# Thread: Polynomial help!!

1. ## Polynomial help!!

I've been given this question as homework and i dont really understand the steps/how to work it out!! it is...

Two integers are said to be relatively prime if their highest common factor is 1. If 'a' and 'b' are relatively prime it is possible to find integer 'x' and 'y' such that ax + by = 1.

For example... 51 and 44 are relatively prime.

Repeated use of the division identity leads to:

51 = 44 x 1 + 7
44 = 7 x 6 + 2
7 = 3 x 2 + 1

Reversing these steps leads to:

1 = 7 - 3 x 2
= 7 - 3(44 - 7 x 6)
= 19 x 7 - 3 x 44
= 19(51 - 44 x 1) - 3 x 44
= 19 x 51 - 22 x 44

question...

a) use this method to find integers 'a' and 'b' such that 87a + 19b = 1.

b) using the method, find the polynomials, A(x) and B(x) such that:
A(x)(x(squared) - x) + B(x)(x(power of 4) + 4x(squared) - 4x + 4) = 1

it's mainly the part in bold that i dont really get but i also dont know how to find the answer!!

thanks tons!!

2. Division with remainders?

1) 87/19 = 4 R 11 so 87 = 19*4 + 11 We're done with 87, but 19 and 11 moves on.

2) 19/11 = 1 R 8 so 19 = 11*1 + 8 We're done with 19, but 11 and 8 move on.

3) 11/8 = 1 R 3 so 11 = 8*1 + 3 We're done with 11, but 8 and 3 move on.

4) 8/3 = 2 R 2 so 8 = 3*2 + 2 We're done with 8, but 3 and 2 move on.

5) 3/2 = 1 R 1 so 3 = 2*1 + 1 Whew!! We finally found a 1!

Now backwards.
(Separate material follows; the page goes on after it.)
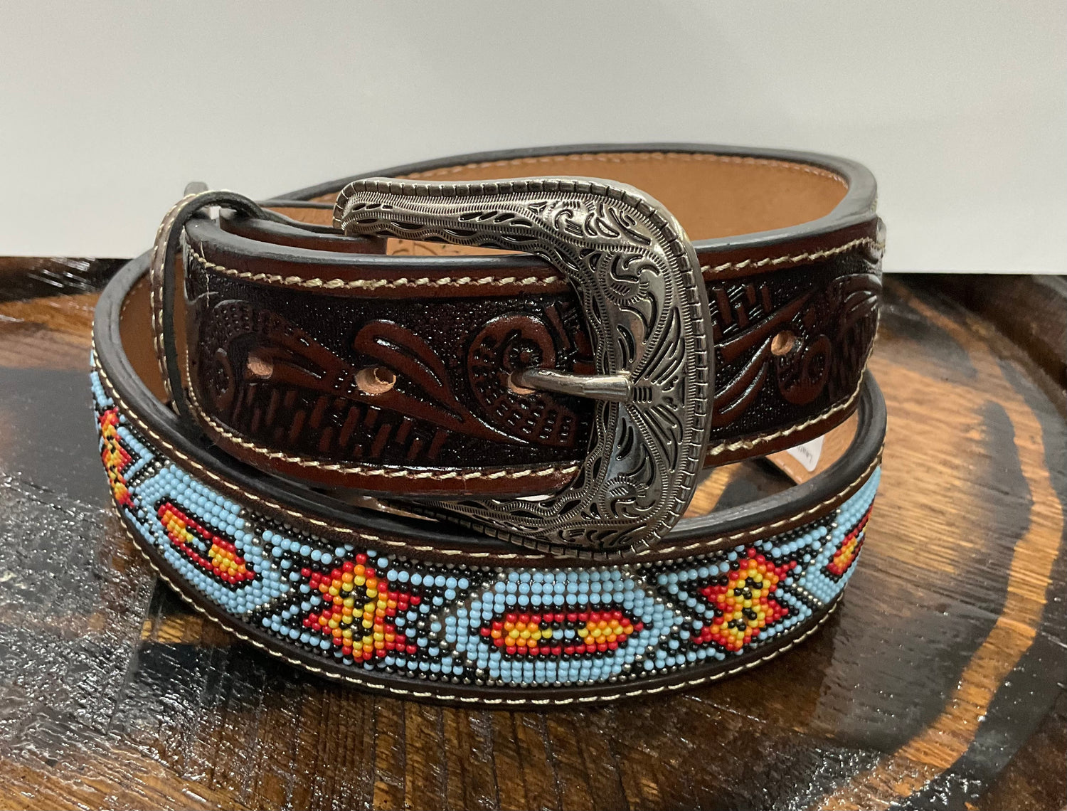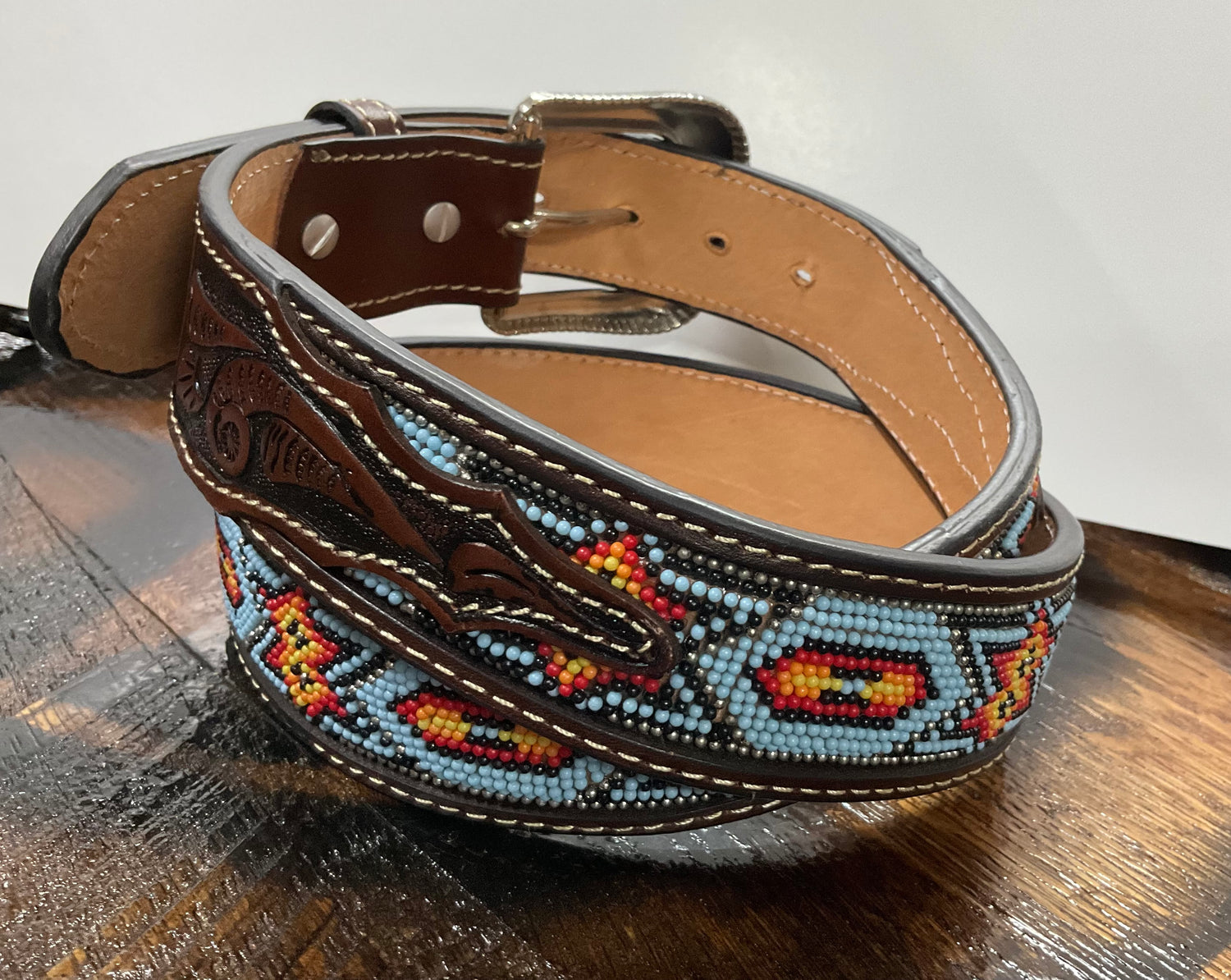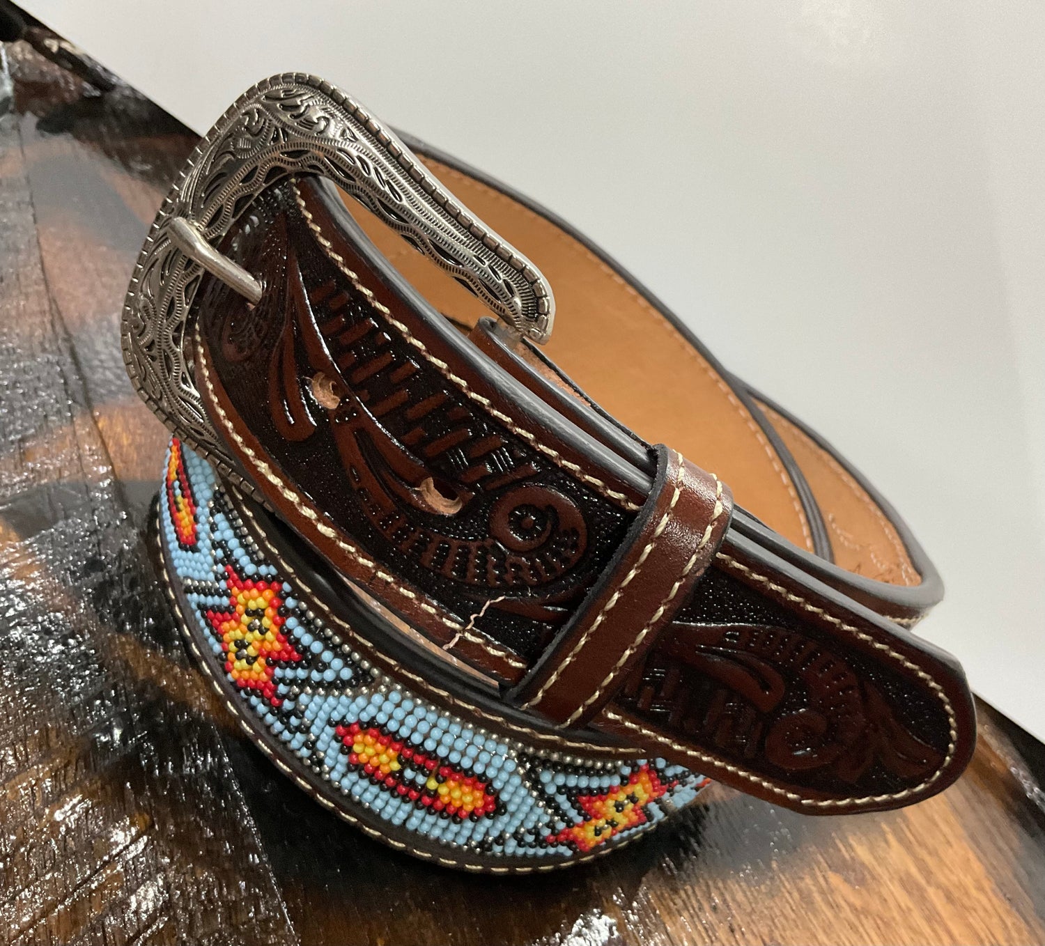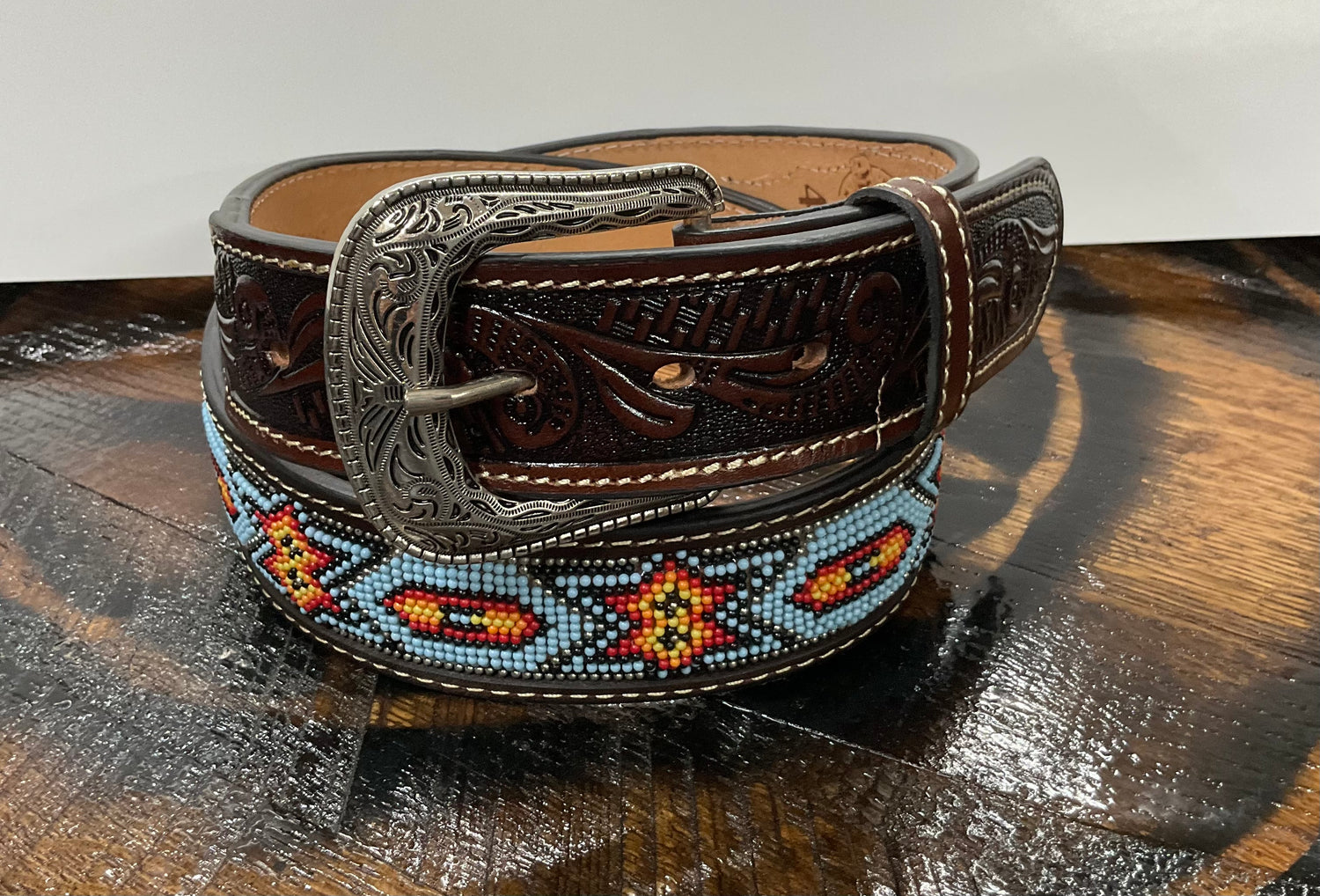 Handcrafted brown leather belt featuring intricate tooling and vibrant beaded patterns in red, yellow, blue, and white. A perfect blend of Western tradition and Native-inspired design.

I'll let you do it, but with one hint. RESIST the temptation to simplify as you go. You may want to do a couple of things, but remember that the point of the exercise is to UNsimplify the expression.

It shouldn't be too different for the polynomials.

3. thanks for that... but how would i do part b??? i cant really see how to use the same pattern...

thanks again!!

4. It's only slightly more complicated. Remember that we use generally a "Base 10 Positional System", $1423 = 1*10^{3} + 4*10^{2} + 2*10^{1} + 3$. If you think of the polynomials as a "Base 'x' Positional System" you are on your way. The ONLY significant complication is that you can get negative coefficients. You can't do that with non-polynomial constructs. 1(-4)23 would look pretty weird, but it DOES work that way, sort of, in Roman Numerals. "VL" is 45 -- That "V" is a negative value when it appears out of descending order. Just move on with long divisions as let's see what you get.

5. Originally Posted by sir nerdalot

For example... 51 and 44 are relatively prime.

Repeated use of the division identity leads to:

51 = 44 x 1 + 7
44 = 7 x 6 + 2
7 = 3 x 2 + 1

Reversing these steps leads to:

1 = 7 - 3 x 2
= 7 - 3(44 - 7 x 6)
= 19 x 7 - 3 x 44
= 19(51 - 44 x 1) - 3 x 44
= 19 x 51 - 22 x 44

question...

a) use this method to find integers 'a' and 'b' such that 87a + 19b = 1.

b) using the method, find the polynomials, A(x) and B(x) such that:
A(x)(x(squared) - x) + B(x)(x(power of 4) + 4x(squared) - 4x + 4) = 1
Originally Posted by sir nerdalot
thanks for that... but how would i do part b??? i cant really see how to use the same pattern...
It's "simple" (but ugly to write out)

You start by taking $x^2 - x$ and $x^4 + 4x^2 - 4x + 4$

So:
$x^4 + 4x^2 - 4x + 4 = (x^2 - x)(x^2 + x + 5) + (x + 4)$

$x^2 - x = (x + 4)(x - 5) + 20$

Now, in the problem with the integers we wanted a problem that ended with a 1. For the polynomials we want a problem that ends with an 0th degree polynomial, such as 20. So we are done here.

Now reverse the process:
$20 = (x^2 - x) - (x + 4)(x - 5)$

$20 = (x^2 - x) - ([(x^4 + 4x^2 - 4x + 4) -
(x^2 - x)(x^2 + x + 5)])(x - 5)$

Expand:
$20 = (x^2 - x) - (x^4 + 4x^2 - 4x + 4)(x - 5) +
(x^2 - x)(x^2 + x + 5)(x - 5)$

Collect terms:
$20 = (x^2 - x)[1 + (x^2 + x + 5)(x - 5)] - (x^4 + 4x^2 - 4x + 4)(x - 5)$

$20 = (x^2 - x)(x^3 - 4x^2 - 24) + (x^4 + 4x^2 - 4x + 4)(-x + 5)$<-- We are supposed to be adding the last term, so I changed the sign on the last polynomial.

We almost have what we wanted. We wanted the RHS to equal 1. But hey, all we need to do now is divide both sides by 20:
$1 = (x^2 - x)\left ( \frac{1}{20}x^3 - \frac{1}{5}x^2 - \frac{6}{5} \right ) + (x^4 + 4x^2 - 4x + 4) \left ( -\frac{1}{20}x + \frac{1}{4} \right )$

Voila! It's exactly the same problem as with the integers done by exactly the same method. (Compare them.) It's just that the "book-keeping" is a tad messier.

-Dan